• _Available records_
== Segment start ==

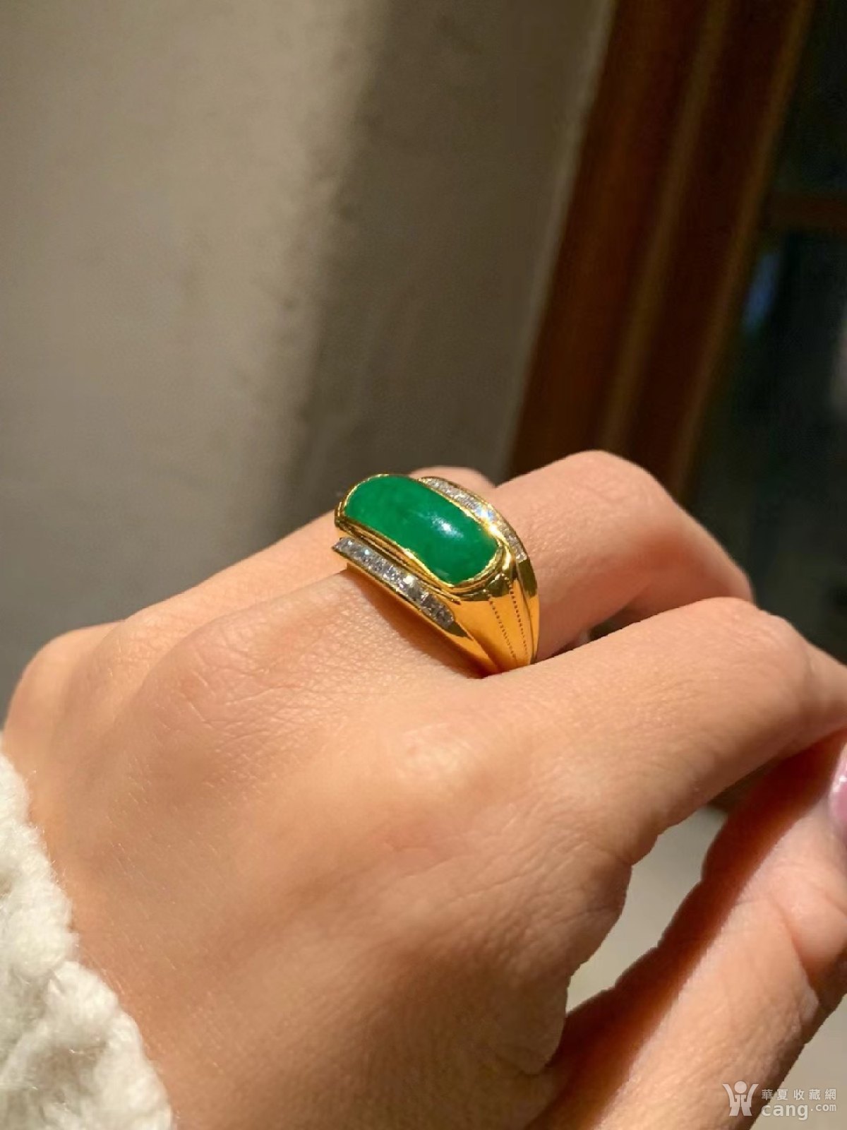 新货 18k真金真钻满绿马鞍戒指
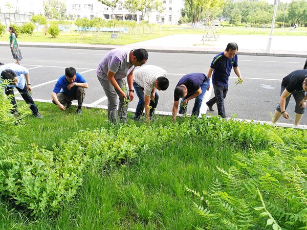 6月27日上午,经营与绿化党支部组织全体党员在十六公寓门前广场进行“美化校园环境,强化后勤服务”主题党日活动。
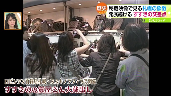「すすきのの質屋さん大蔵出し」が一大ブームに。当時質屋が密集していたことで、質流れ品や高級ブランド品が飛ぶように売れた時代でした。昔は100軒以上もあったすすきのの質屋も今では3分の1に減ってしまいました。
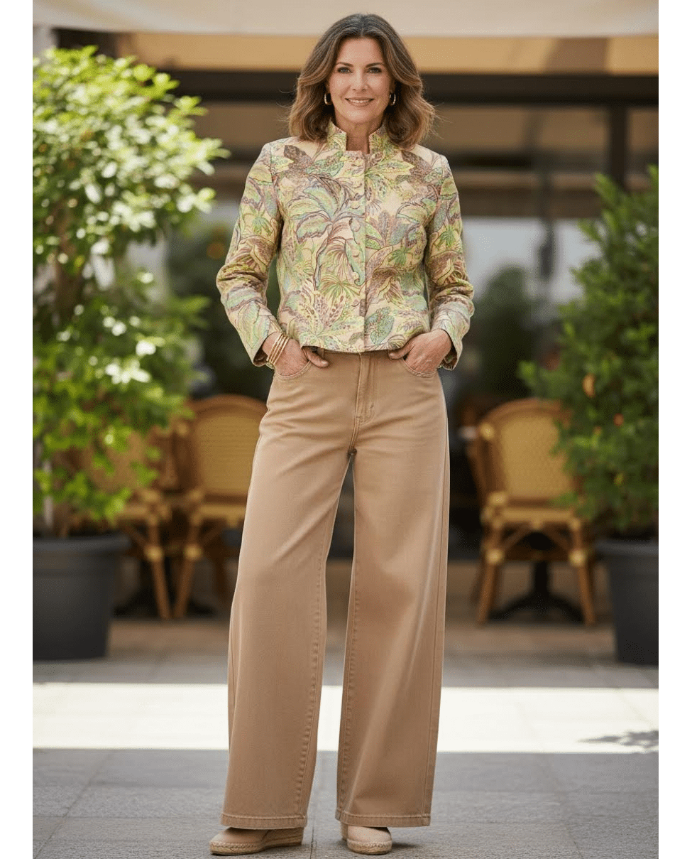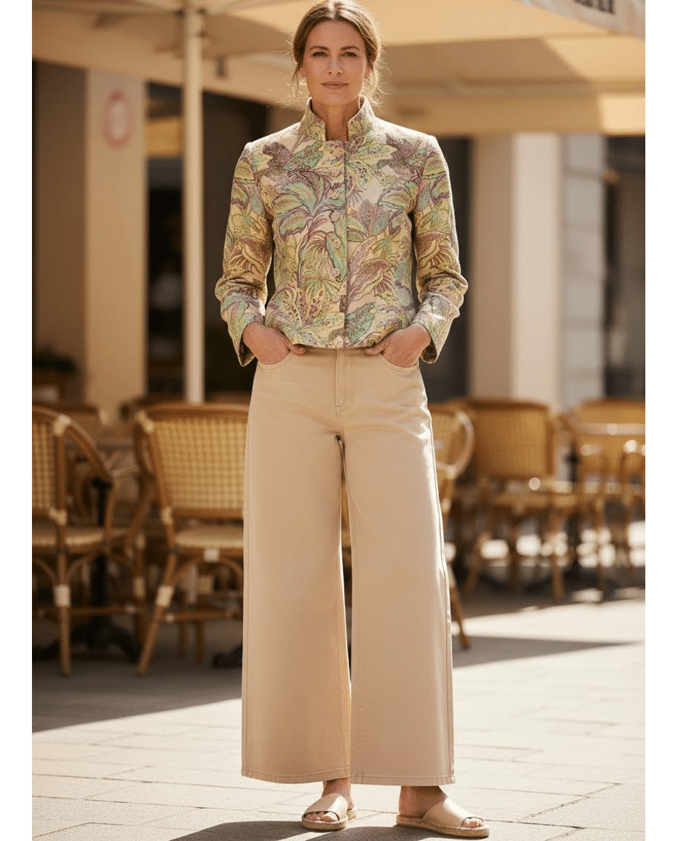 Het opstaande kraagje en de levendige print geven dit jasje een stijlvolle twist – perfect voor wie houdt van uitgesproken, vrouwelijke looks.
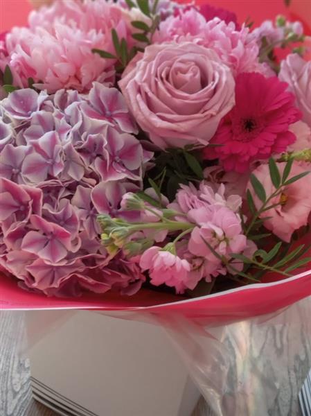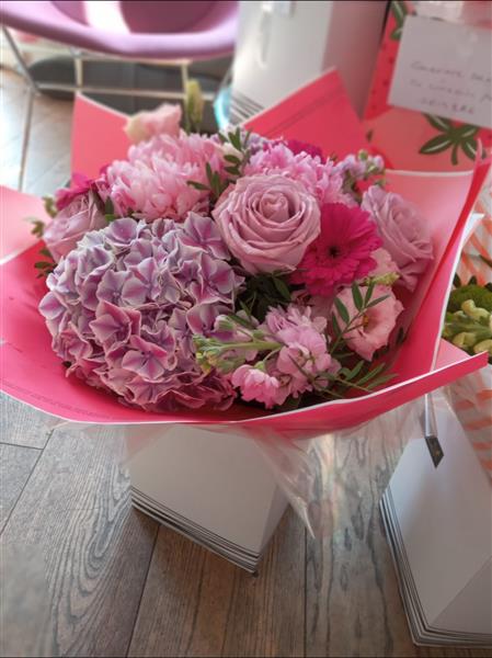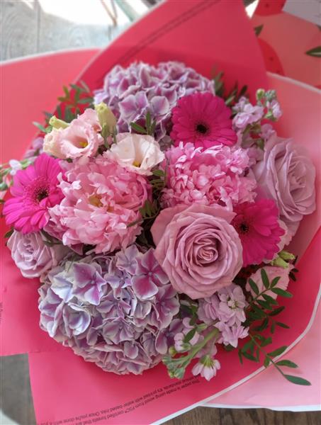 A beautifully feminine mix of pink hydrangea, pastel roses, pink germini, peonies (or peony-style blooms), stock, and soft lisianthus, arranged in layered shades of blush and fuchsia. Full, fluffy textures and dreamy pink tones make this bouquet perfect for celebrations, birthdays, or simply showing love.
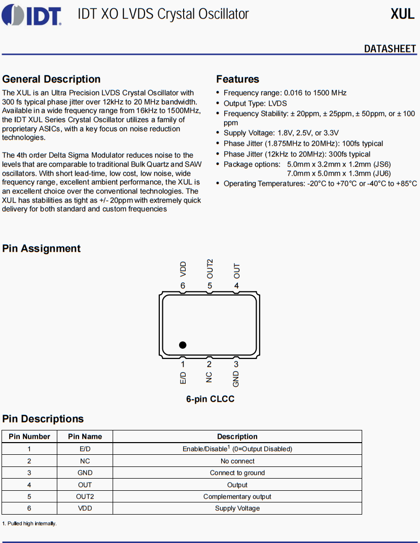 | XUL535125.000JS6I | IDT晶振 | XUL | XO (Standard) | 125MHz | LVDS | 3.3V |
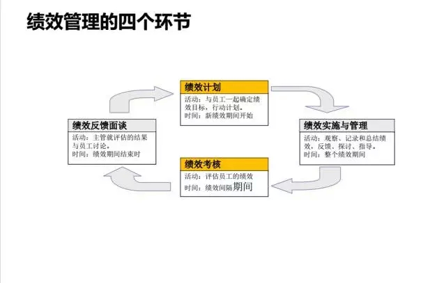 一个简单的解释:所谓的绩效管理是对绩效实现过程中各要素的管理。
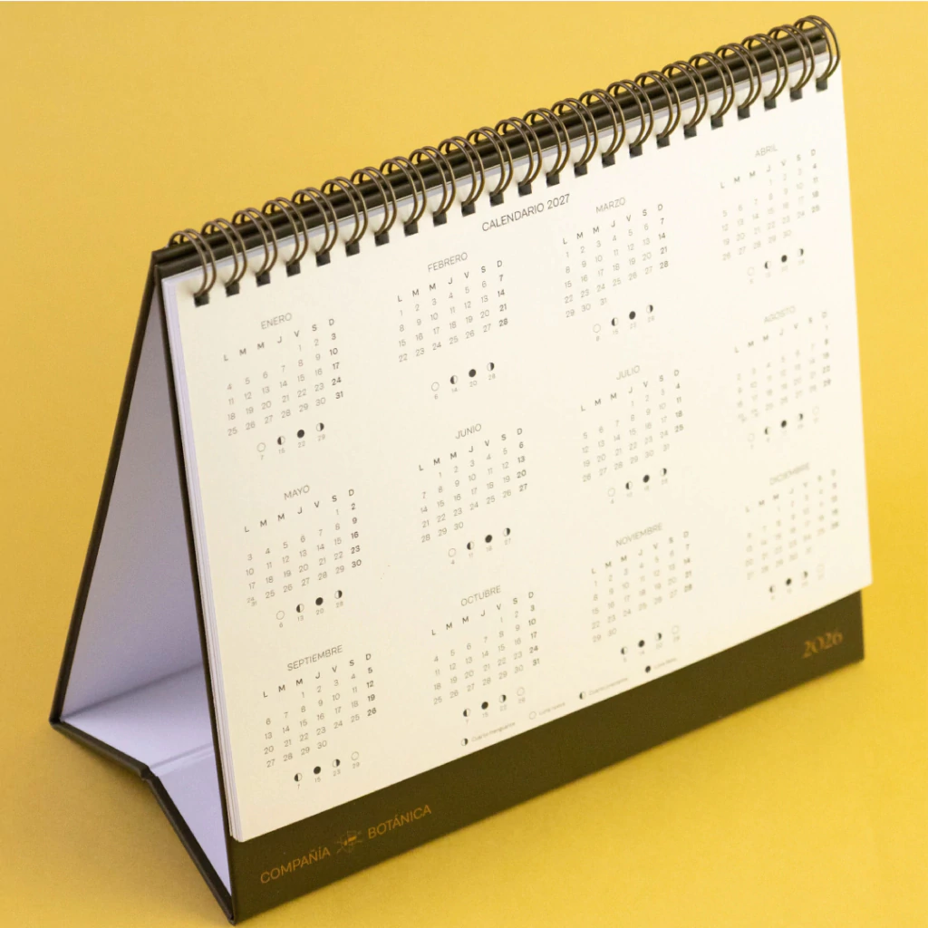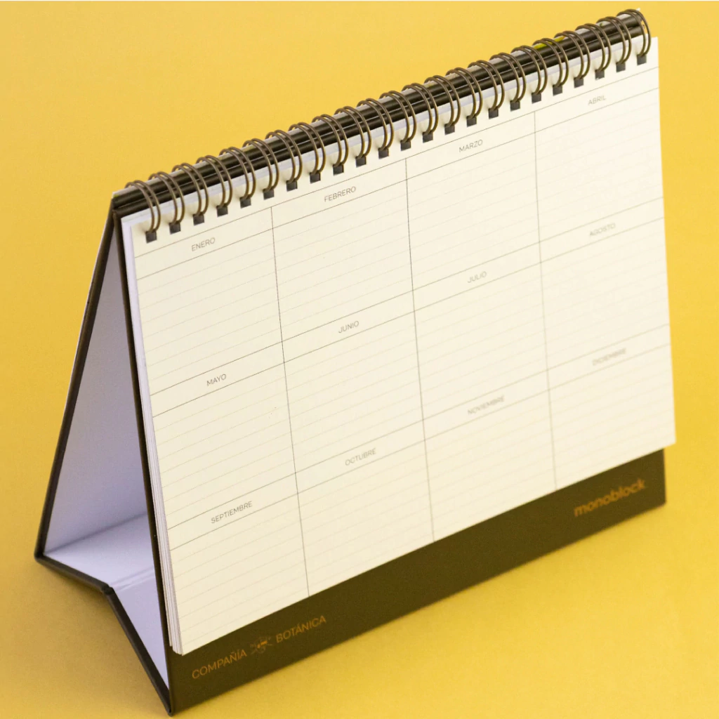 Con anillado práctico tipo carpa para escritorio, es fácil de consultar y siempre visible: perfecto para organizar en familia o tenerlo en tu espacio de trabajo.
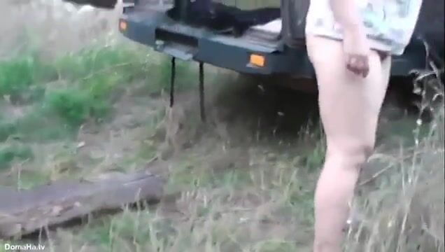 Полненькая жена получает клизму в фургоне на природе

== Segment end ==

• _What you need to do_
Repeat verbatim the range of lines that opens at the line containing "Con anillado práctico" and closes at the last line of the entries, excluding all pictures.

• _Exercise output_
 Con anillado práctico tipo carpa para escritorio, es fácil de consultar y siempre visible: perfecto para organizar en familia o tenerlo en tu espacio de trabajo.
 Полненькая жена получает клизму в фургоне на природе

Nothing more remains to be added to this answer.